I have the same feeding regimen with my pixies but i haven't tried giving pinkies or mice yet. Their diet mainly consists of dubias, crickets and newly molted superworms two to three times weekly. I was able to feed both with a quail chick a couple of times and one chick for my female last January.

----------


## GRABibus

2 new pictures :

From the 30th od March 2012 :




From today :




I feel more and more it's a female (Size versus age, size of the head versus body, no croaks yet).

----------


## GRABibus

Pictures of Graboune's tank :











Big plastic box, 68cm long at bottom and 47cm large at bottom.

A Reptifogger from ZooMed to maintain air humidity close to 70% to 80%.

If Graboune is a female, this tank will be probably the last one.
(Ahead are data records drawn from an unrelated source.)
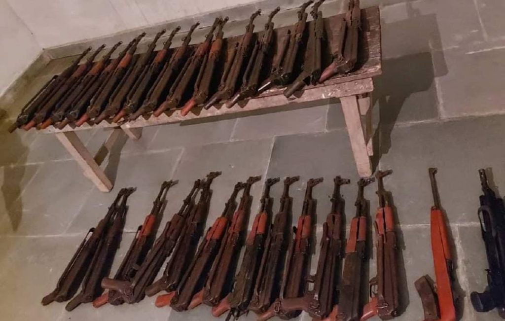 બોર્ડર સિક્યુરિટી ફોર્સે ઉગ્રવાદીઓ પાસેથી 28 AK-47 રાઇફલો, એક AK-74 રાઇફલ, એક અમેરિકન શૂટિંગ ગન, 28 મેગેઝિન અને 7800 કારતૂસ જપ્ત કર્યા
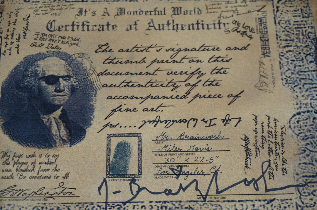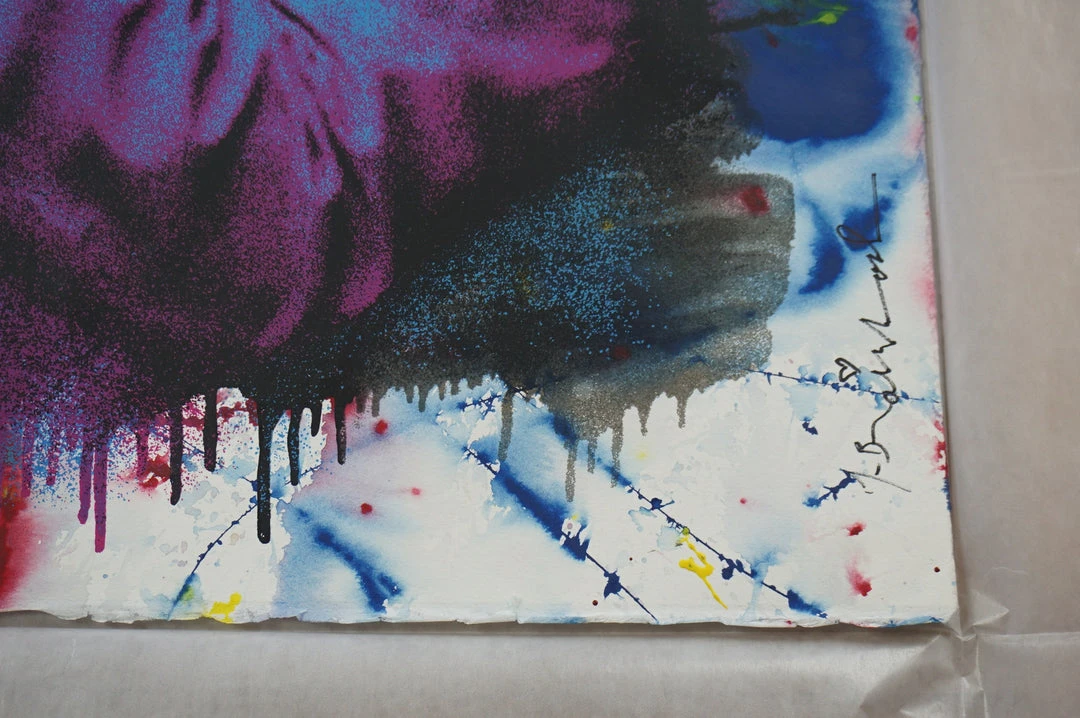 Miles Davis by the famous Mr. Brainwash is a six color screen print hand finished on archival paper. Purchased directly from the artist, this print is hand signed with a COA. This poster measures 30×22.5 inches on hand torn archival art paper with a thumb print on back.
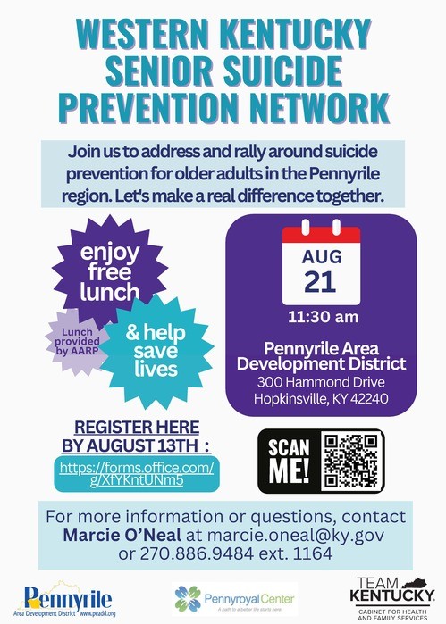 Comprehending the complexities of suicide and mental health is imperative for engaging in suicide prevention, providing support to individuals in crisis, and reshaping the discourse surrounding suicide. Join us to address and rally around suicide prevention for older adults in the Pennyrile region with a Suicide Prevention Taskforce Kickoff to be held on Wednesday, August 21, 2024, at 11:30 am. The kickoff will be held at Pennyrile Area Development District located at 300 Hammond Drive in Hopkinsville, KY.
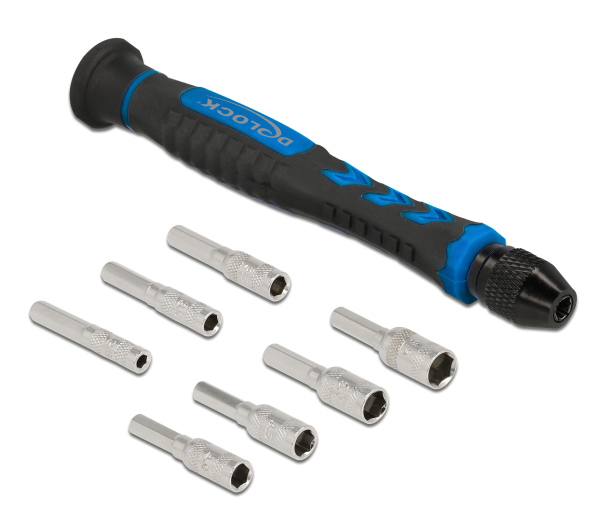 Πρακτικό σετ από την Delock που περιλαμβάνει ένα κατσαβίδι και 7 διαφορετικές εξάγωνες bit κεφάλες. Το κατσαβίδι διαθέτει σπείρωμα με κλείδωμα, παρόμοιο με τρυπάνι, το οποίο κρατά τις κεφαλές με ασφάλεια ενώ η αντιολισθητική λαβή του το καθίστα εξαιρετικά σταθερό κατά την εργασία.
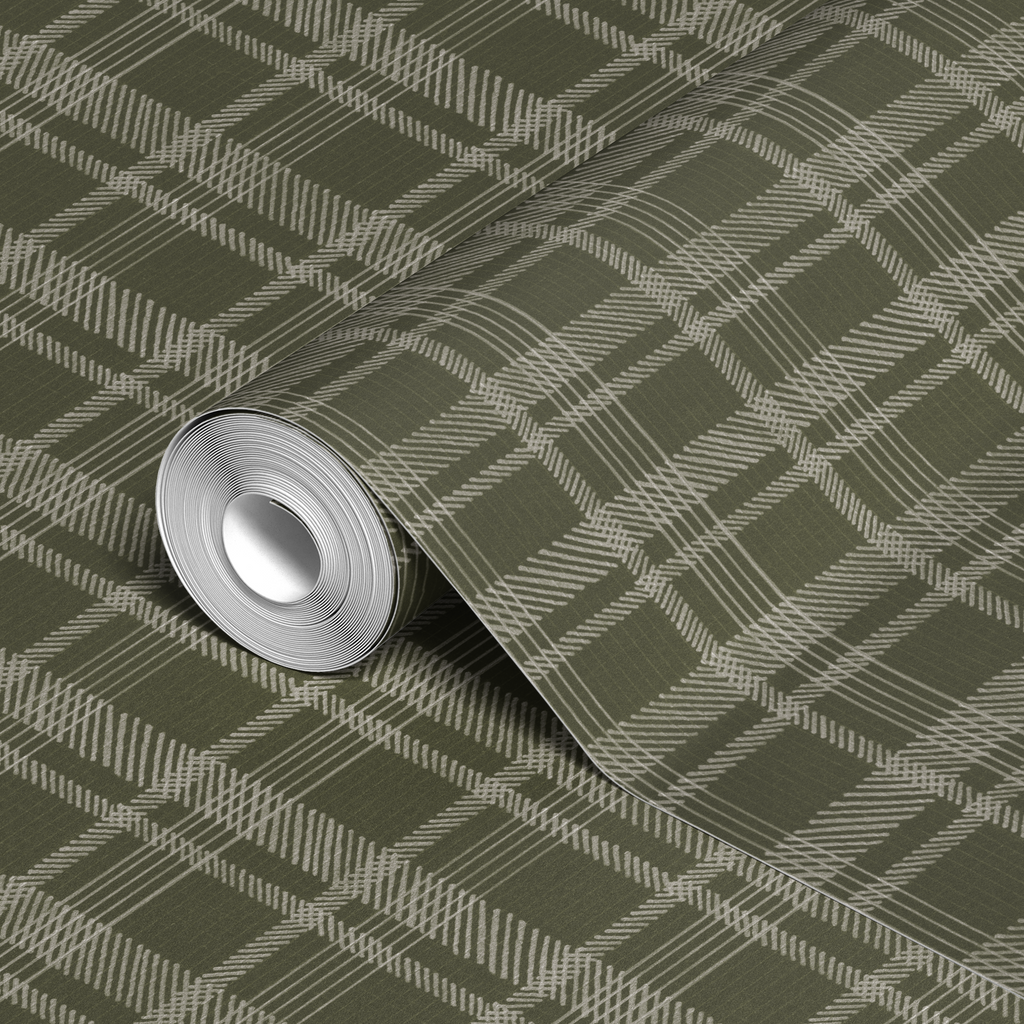 Sophisticated olive green plaid design features traditional herringbone details with a heritage appeal, perfect for home decor or upholstery in a classic, timeless aesthetic.
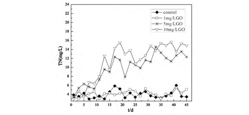 各反應(yīng)器總氮濃度如圖 4 所示。為期45d 的實(shí)驗(yàn)期間,控制組與1mg / L GO 組的總氮去除率區(qū)別不大,平均去除率分別為 84.1%和 83.4%。實(shí)驗(yàn)開始后,5mg / LGO 組與10mg / LGO 組的出水總氮濃度逐漸上升,并在17d 左右開始趨于穩(wěn)定,且10mg / LGO 對(duì)總氮去除的抑制程度高于5mg / LGO。二者在45d 內(nèi)的總氮平均去除率分別下降至60.3%和54.1%。這一結(jié)果說明,GO 對(duì)脫氮細(xì)菌的生物活性存在抑制作用。
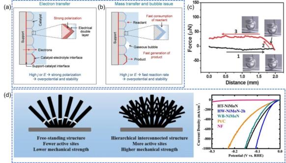 根据基本原理,提出设计HCD全解水体系需要综合考虑催化剂的形貌/结构、电极表面化学以及催化剂和电解质的相互作用(图1)。
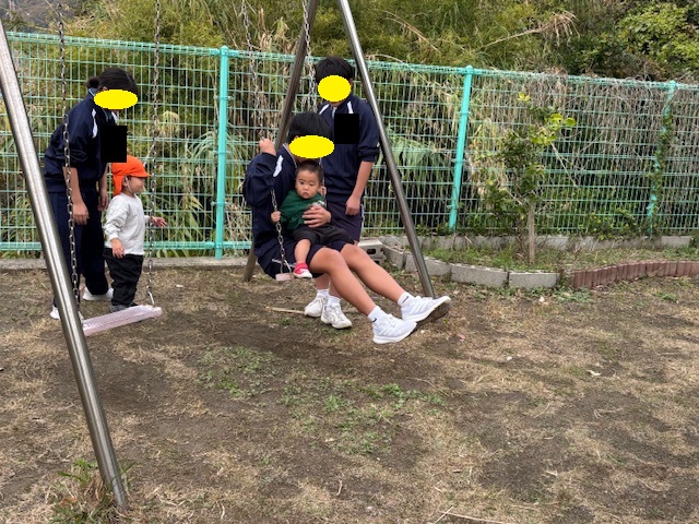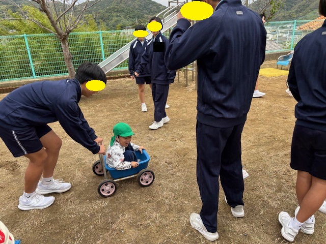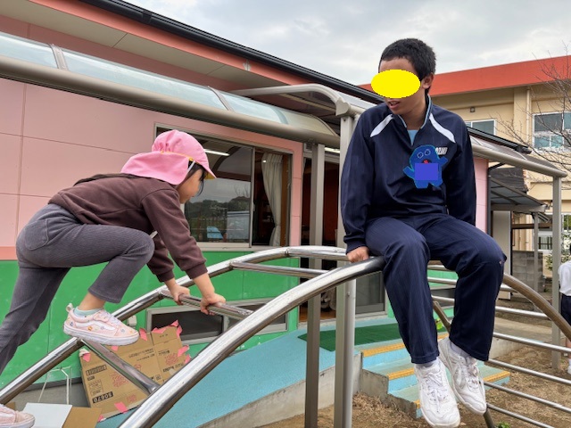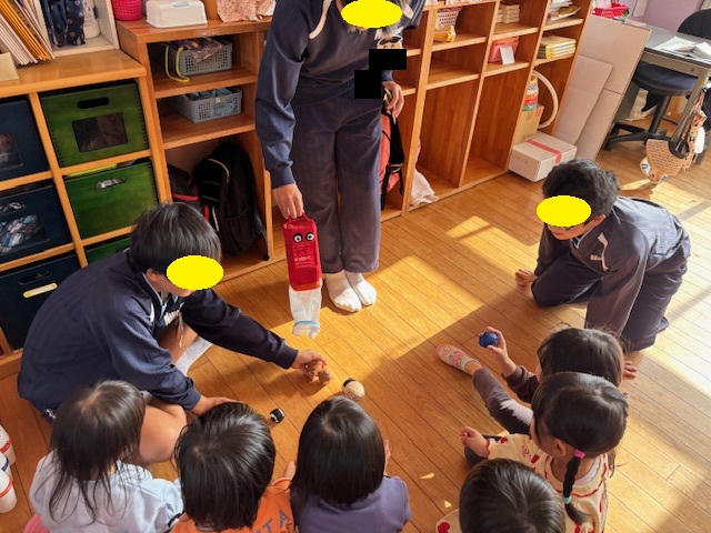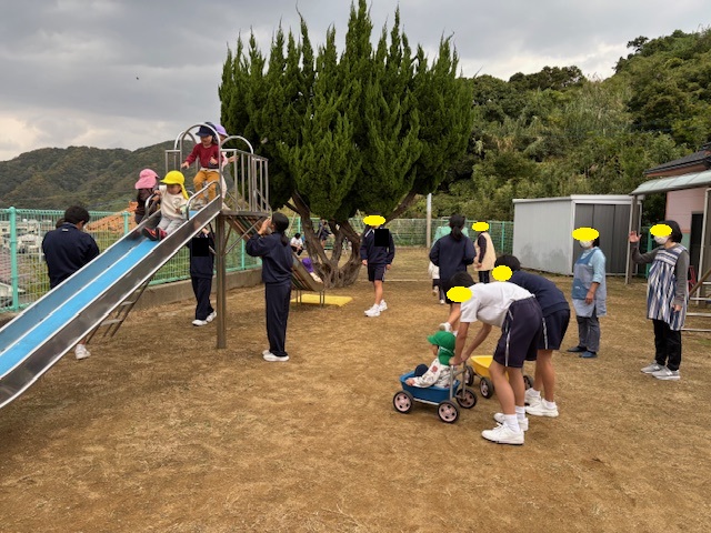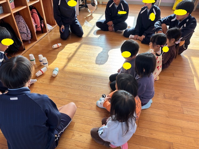 青潮学園の9年生が遊びに来てくれました! ツイート 今日は、青潮学園の9年生のお兄さん、お姉さんが遊びに来てくれました。お兄さん、お姉さんの手作りのおもちゃで遊んだり、園庭で一緒に遊んだり...とても楽しい時間を過ごしました。最後はお兄さん、お姉さんの素敵な歌声も聴かせてもらいましたよ!また遊びに来て下さいね!
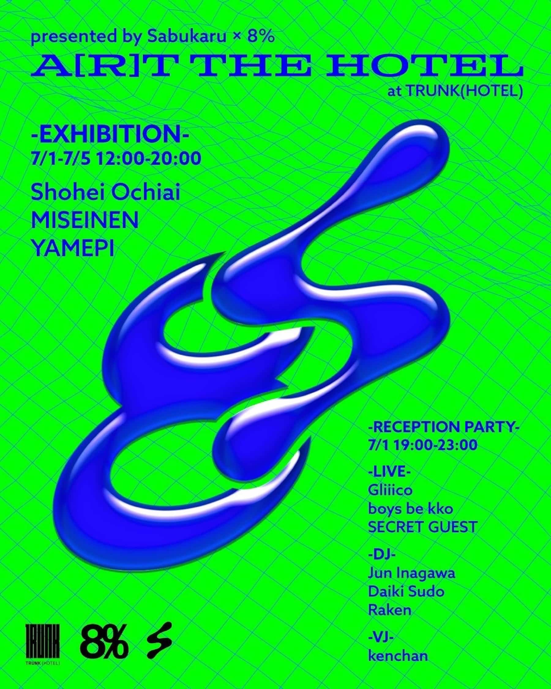 2022年7月に渋谷のTRUNK(HOTEL)で開催されたSabukaru×8%のアート展『A[R]T THE HOTEL』。アーティストの落合翔平さんと未成年さんによる展示。
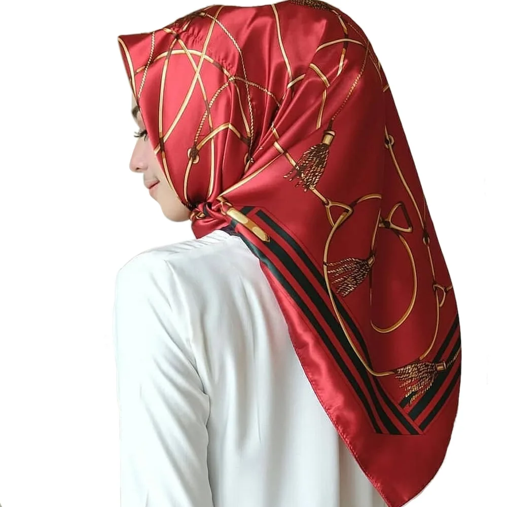Модный мусульманский шелковый шарф 90*90 см, женский квадратный шарф с принтом, головной убор, хиджаб, Женская повязка на голову, малайзийские хиджабы
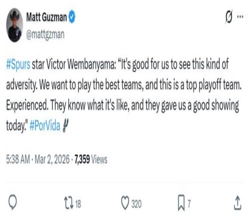 除此之外,馬刺隊本場三分線外也失準,34次出手僅命中9球,其中文班更是三分7投僅1中。
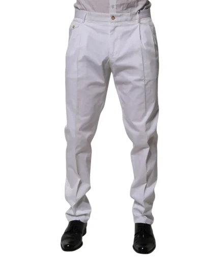 Crafted from premium white cotton, these slim-fit formal trousers feature a clean, tailored silhouette. Designed for a sophisticated look with a modern edge, perfect for formal events, summer occasions, or refined everyday wear.
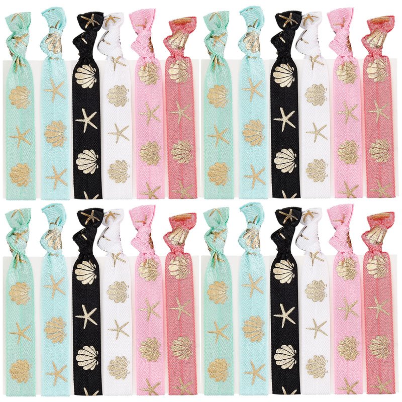 GORGECRAFT 24PCS Printed Glitter Hair Ties Knotted Elastics Ponytail Holders Ocean Theme No Crease Elastic Ribbon Band Crease Free Hand Twist Bracelet Accessories for Women Brand: GORGECRAFT Material: Elastic Fibre Usage: Hair Ties Feature: ❤[HIGH QUALITY]: The elastic headband is made of high-quality nylon and rubber, flexible and stretchy, soft to use, durable enough and no need to worry about fading and breaking. ❤[GOOD ELASTICITY TO USE]: The elastic hair ties rope has good elasticity and can easily restore the original length without deformation within the allowable stretch elastic deformation range. Size & Quantity: 24PCS printed elastic cord in 6 colors, each color 4pcs, about 5/8" inch wide, 3.9inch/10cm long. Ocean theme: seashell, starfish.
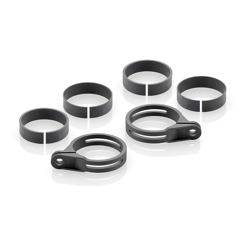 Il Kit include 2 fascette di diametro 50/52 mm per essere adattato a differenti modelli di moto in relazione al diametro delle forcelle anteriori (Ø 48-55 mm).
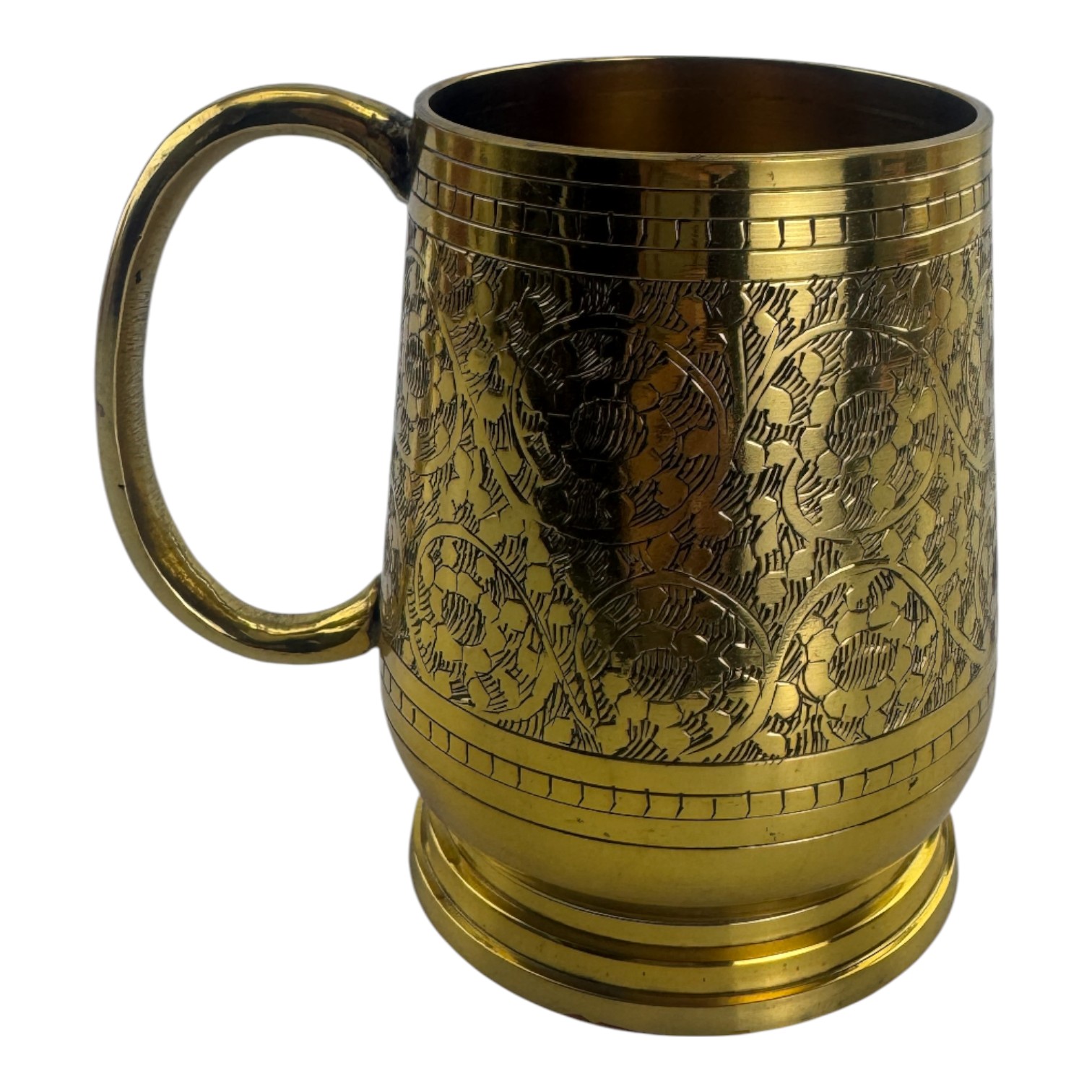Бронзовая кружка с позолоченным покрытием — эффектный и массивный предмет, сочетающий практичность и декоративную выразительность. Подходит для сервировки напитков, фотосессий, тематических интерьеров и коллекций. Классический дизайн и металлический блеск придают изделию солидный и винтажный вид.
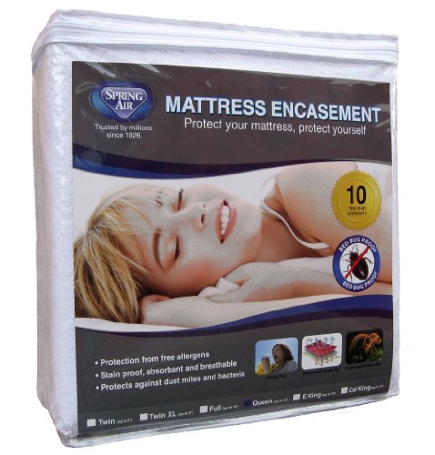 -. Binding : Misc. -. Brand : Spring Air -. Color : White -. EAN : 0857599003079 -. Feature : Machine Washable Warm, Tumble Dry Low Heat / Great For Asthma, Eczema and Allergy Sufferers / Waterproof Protection / Completely Encases the Mattress to make it Bed Bug Proof / Our Moisture Shield Technology is Completely Noiseless and will Not Change the Feel of Your Mattress -. Label : Spring Air International -. Manufacturer : Spring Air International -. Model : MEF46 -. MPN : MEF46 -. PackageQuantity : 1 -. PartNumber : MEF46 -. ProductGroup : Home -. ProductTypeName : HOME -. Publisher : Spring Air International -. Size : Full -. Studio : Spring Air International -. Title : Spring Air Mattress Encasement, Full -. UPC : 857599003079 -. Warranty : 10 year warranty
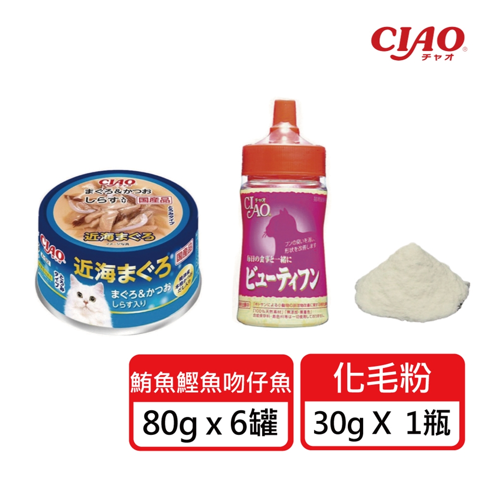 1.近海罐-鮪魚鰹魚吻仔魚 80g x 6罐+化毛粉30g x 1瓶
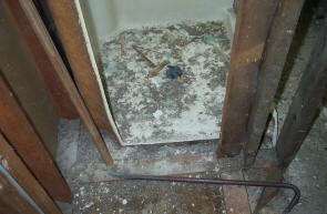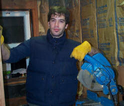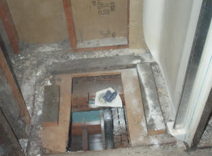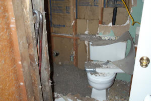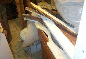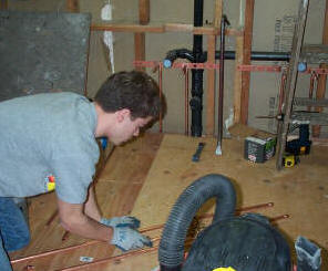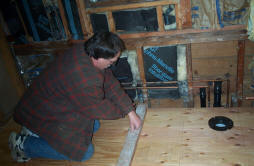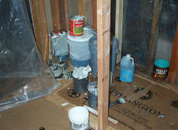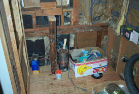 January 15, 2005 The bathroom remodel continues... As with most things, a picture is worth a thousand words. I got to thinking that what I might do is put up a page of pics and 'thumbnails' of pics for the whole project. That way, when someone asks, what does it take to refurbish a bathroom, we'll have a visual description. What does it take? Well, first, I am assuming, buckets of money. Then... patience----patience and knowledge----patience, knowledge, virtue and self-control (virtue and self-control for when things don't go as planned... and you're re-cutting a re-cut board and unscrewing well secured walls or cutting up perfect 3/4 inch plywood flooring to be sure that you've, in fact, missed the hot-water line).

If it is a male, maybe I will go to an Exo Terra 90x45x45.

----------


## Colleen/Jerrod

Nice!!! Did he/she stop trying to aestivate?

----------


## GRABibus

In this tank I removed a lot of substrate in order to not allow burrowing at the moment. 
During last 2 weeks it was waken, but stressed by new environment.
Last 3 days, she spent nights in water bowl, ate a lot, so I was optimistic she was out for a long period.
Yesterday evening, she made a big poop in this bowl, so I changed it and the frog wxent to hide in a new place she never went before...
Result : this morning she was completely burrowed again,  at a place where I didn't remove enough substrate...

I put her out of substrate and put her in water bowl. 
I  will check this evening when I come back to my home if she burrowed again or not.

Except fear or stress, She has no objective reasons to burrow...

----------


## GRABibus

I went back home, and she burrowed. There is a place where I didn't remove enough substrate...She found it !
According to me, as she is willing to burrow a lot, I don't want to stress her by removing substrate to avoid this burrowing. This could stress her a lot.

I have to adapt myself to my pet and to be patient.

----------


## Colleen/Jerrod

> I went back home, and she burrowed. There is a place where I didn't remove enough substrate...She found it !
> According to me, as she is willing to burrow a lot, I don't want to stress her by removing substrate to avoid this burrowing. This could stress her a lot.
> 
> I have to adapt myself to my pet and to be patient.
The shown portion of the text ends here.